[PROBLEM TO WORK ON] Return all of the listing word for word; the pictures stay out.

[DATA SHOWN]
┌──
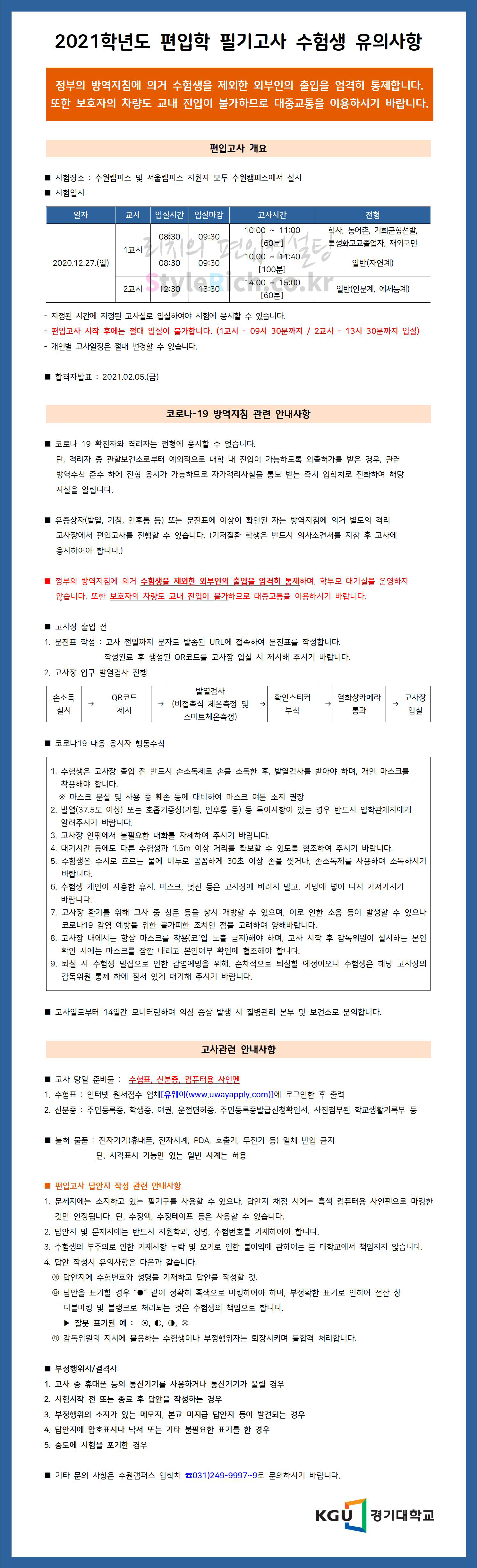 경기대 편입 2021학년도 필기고사 유의사항 간편하게 보자! 2020.12.25 17:39 편입 유의사항/2021학년도 유의사항 2021학년도 경기대 편입 필기고사 유의사항을 살펴보겠습니다. * 내용 일부가 변경되거나 오표기가 있을 수 있으므로 시험 전 반드시 경기대 입학처 홈페이지에서 최종 확인바랍니다. 2021학년도 경기대 편입 필기고사 유의사항 <출처: 경기대> 2020년도 경기대학교 온라인 캠퍼스투어(수원캠퍼스) 공유하기 게시글 관리 리치의 편입컨설팅 저작자표시 비영리 변경금지 (새창열림) '편입 유의사항 > 2021학년도 유의사항' 카테고리의 다른 글 세종대 편입 2021학년도 필기고사 유의사항 간편하게 보자! (0) 2020.12.30 건국대 편입 2021학년도 필기고사 유의사항 간편하게 보자 (0) 2020.12.29 단국대 편입 2021학년도 필기고사 유의사항 간편하게 보자! (0) 2020.12.25 고려대 편입 2021학년도 필기고사 유의사항 간편하게 보자! (0) 2020.12.25 이화여대 편입 2021학년도 필답고사 유의사항 간편하게 보자! (0) 2020.12.19 댓글 공유하기 다른 글 댓글 이 글 공유하기 구독하기 구독하기 카카오톡 카카오톡 라인 라인 트위터 트위터 Facebook Facebook 카카오스토리 카카오스토리 밴드 밴드 네이버 블로그 네이버 블로그 Pocket Pocket Evernote Evernote 다른 글 세종대 편입 2021학년도 필기고사 유의사항 간편하게 보자! 세종대 편입 2021학년도 필기고사 유의사항 간편하게 보자! 2020.12.30 건국대 편입 2021학년도 필기고사 유의사항 간편하게 보자 건국대 편입 2021학년도 필기고사 유의사항 간편하게 보자 2020.12.29 단국대 편입 2021학년도 필기고사 유의사항 간편하게 보자! 단국대 편입 2021학년도 필기고사 유의사항 간편하게 보자! 2020.12.25 고려대 편입 2021학년도 필기고사 유의사항 간편하게 보자! 고려대 편입 2021학년도 필기고사 유의사항 간편하게 보자! 2020.12.25 다른 글 더 둘러보기
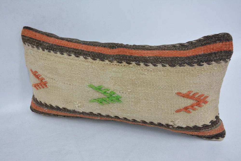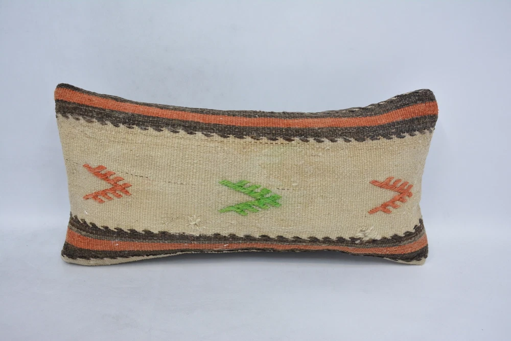 Pillow for Couch, Kilim Pillows, 12"x24" Beige Pillow, Kilim Pillow Cover
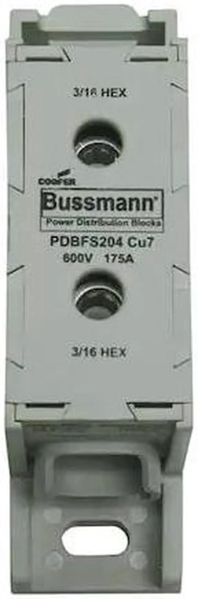 Power Distribution Block, For Conductor Material Aluminum, Copper, Line Connections/Pole 1, Line Side Stud Size Not Applicable, For Line Copper Wire Size - Minimum 14 AWG, For Line Copper Wire Size - Maximum 2/0 AWG, Load Connections/Pole 1, Load Side Stud Size Not Applicable, For Load Copper Wire Size - Minimum 14 AWG, For Load Copper Wire Size - Maximum 2/0 AWG, Maximum Current - Copper Conductor 175 A, Maximum Voltage 600 V, Mounting Type DIN-Rail, Surface Mount, Number of Poles 1. This item has been restricted from sale in the following state (s): []
└──
[WORKED SOLUTION]
 경기대 편입 2021학년도 필기고사 유의사항 간편하게 보자! 2020.12.25 17:39 편입 유의사항/2021학년도 유의사항 2021학년도 경기대 편입 필기고사 유의사항을 살펴보겠습니다. * 내용 일부가 변경되거나 오표기가 있을 수 있으므로 시험 전 반드시 경기대 입학처 홈페이지에서 최종 확인바랍니다. 2021학년도 경기대 편입 필기고사 유의사항 <출처: 경기대> 2020년도 경기대학교 온라인 캠퍼스투어(수원캠퍼스) 공유하기 게시글 관리 리치의 편입컨설팅 저작자표시 비영리 변경금지 (새창열림) '편입 유의사항 > 2021학년도 유의사항' 카테고리의 다른 글 세종대 편입 2021학년도 필기고사 유의사항 간편하게 보자! (0) 2020.12.30 건국대 편입 2021학년도 필기고사 유의사항 간편하게 보자 (0) 2020.12.29 단국대 편입 2021학년도 필기고사 유의사항 간편하게 보자! (0) 2020.12.25 고려대 편입 2021학년도 필기고사 유의사항 간편하게 보자! (0) 2020.12.25 이화여대 편입 2021학년도 필답고사 유의사항 간편하게 보자! (0) 2020.12.19 댓글 공유하기 다른 글 댓글 이 글 공유하기 구독하기 구독하기 카카오톡 카카오톡 라인 라인 트위터 트위터 Facebook Facebook 카카오스토리 카카오스토리 밴드 밴드 네이버 블로그 네이버 블로그 Pocket Pocket Evernote Evernote 다른 글 세종대 편입 2021학년도 필기고사 유의사항 간편하게 보자! 세종대 편입 2021학년도 필기고사 유의사항 간편하게 보자! 2020.12.30 건국대 편입 2021학년도 필기고사 유의사항 간편하게 보자 건국대 편입 2021학년도 필기고사 유의사항 간편하게 보자 2020.12.29 단국대 편입 2021학년도 필기고사 유의사항 간편하게 보자! 단국대 편입 2021학년도 필기고사 유의사항 간편하게 보자! 2020.12.25 고려대 편입 2021학년도 필기고사 유의사항 간편하게 보자! 고려대 편입 2021학년도 필기고사 유의사항 간편하게 보자! 2020.12.25 다른 글 더 둘러보기
 Pillow for Couch, Kilim Pillows, 12"x24" Beige Pillow, Kilim Pillow Cover
 Power Distribution Block, For Conductor Material Aluminum, Copper, Line Connections/Pole 1, Line Side Stud Size Not Applicable, For Line Copper Wire Size - Minimum 14 AWG, For Line Copper Wire Size - Maximum 2/0 AWG, Load Connections/Pole 1, Load Side Stud Size Not Applicable, For Load Copper Wire Size - Minimum 14 AWG, For Load Copper Wire Size - Maximum 2/0 AWG, Maximum Current - Copper Conductor 175 A, Maximum Voltage 600 V, Mounting Type DIN-Rail, Surface Mount, Number of Poles 1. This item has been restricted from sale in the following state (s): []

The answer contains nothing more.